Talk about Web caching-strong cache, negotiated cache

Source: Internet
Author: User
Tags http 200 browser cache

There are many articles about Web caching on the Internet, a summary today.

Why do you use caching

Caching is generally used for static resources such as CSS,JS, images, etc. for the following reasons:

    • Faster requests: By caching content in a local browser or a cache server (such as a CDN) that is closest to you, you can significantly speed up site loading without compromising site interaction.

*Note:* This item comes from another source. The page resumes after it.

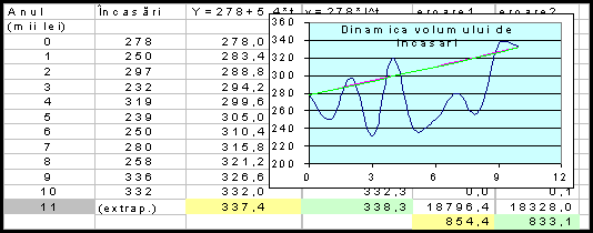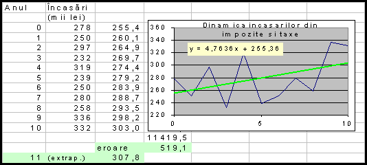 Figura nr.26 Pagina EXEL pentru calculul trendului liniar.

    • Bandwidth savings: For cached files, you can reduce the request bandwidth even without requesting a network.

    • Reduce server pressure: In the case of a large number of user concurrent requests, the performance of the server is limited, at this time, some static resources placed in the network of multiple nodes, can play a balanced load role, reduce the pressure on the server.

Cache classification

The cache is divided into service side (server side, such as Nginx, Apache) and client side (side, such as Web browser).
The common server-side cache has CDN cache, which refers to the browser cache.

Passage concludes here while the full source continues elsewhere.